O estreante cineasta Andre Pellenz tinha uma difícil missão de transformar uma peça de teatro em um filme que se diferenciasse das entediantes comédias nacionais dos últimos tempos. Minha Mãe é uma Peça se distancia de qualquer outra obra desse tipo, apostando no ótimo roteiro (escrito pela dupla, Paulo Gustavo e Fil Braz) que envolve situações engraçadas de uma família que mora em Niterói e aproveita as melhores características da personagem principal, interpretado pelo genial humorista Paulo Gustavo (De Pernas pro Ar 2).

O filme mostra a história de Dona Hermínia e sua família. Dona de casa, separada e com dois adolescentes, a jovem senhora se mete nas maiores confusões sempre pensando em proteger seus filhos. Assim, fazemos uma viagem ao passado dessa família, focando na relação entre pais e filhos. Por meio de flashbacks, somos apresentados a esse grupo que se mete em diversas situações cômicas. Temas como: primeiro namorado, obesidade, sexualidade são abordados de maneira leve e descontraída. É um grande stand up comedy de Paulo Gustavo, o ator domina sua criação do começo ao fim.

O roteiro encosta na comédia pastelão mas se recupera, focando nos dramas cômicos dos personagens, encontrando uma fórmula de sucesso e por isso se diferenciando das outras comédias nacionais do gênero. Os parênteses que são abertos, se fecham com certo dinamismo, como todo bom roteiro deve ser.
Alguns vão achar que o longa metragem parece um seriado de televisão. Há momentos que temos a sensação de que colocaram a primeira temporada de uma série e apertaram o play mas surpreendentemente isso não é algo que fica ruim na telona. Dona Hermínia, uma mulher de atitude, dos tempos de Woodstock, é uma personagem genial. Só por esse fato o filme ganha forças e segue em frente.

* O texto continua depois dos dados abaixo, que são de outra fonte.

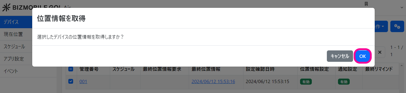 3. 選択したデバイスの位置情報を取得しますか?メッセージで[OK]をクリックします。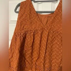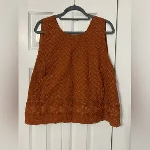 Chic terracotta blouse with delicate patterns. Sleeveless design for versatile styling.

A escandalosa personagem criada por Paulo Gustavo conta com personagens coadjuvantes que preenchem muito bem as lacunas deixadas. A grande Suely franco se encaixa muito bem no da tia da protagonista, aparecendo em um dos arcos do filme. A única que parece estar perdida é a personagem de Alexandra Richter que não encontra sua função na trama, fato que é esquecido quando colocamos tudo no liquidificador das licenças poéticas.

Os risos são garantidos. Com impagáveis créditos finais (onde conhecemos a verdadeira inspiração para o personagem principal), Paulo Gustavo e companhia conseguem reproduzir nas telonas o grande sucesso do teatro, Minha Mãe é uma Peça já levou mais de um milhão de pessoas aos teatros e com certeza o público vai voltar para conferir nos cinemas as novas aventuras da Dona Hermínia. Gosta de rir? Não perca esse bom trabalho made in Brasil!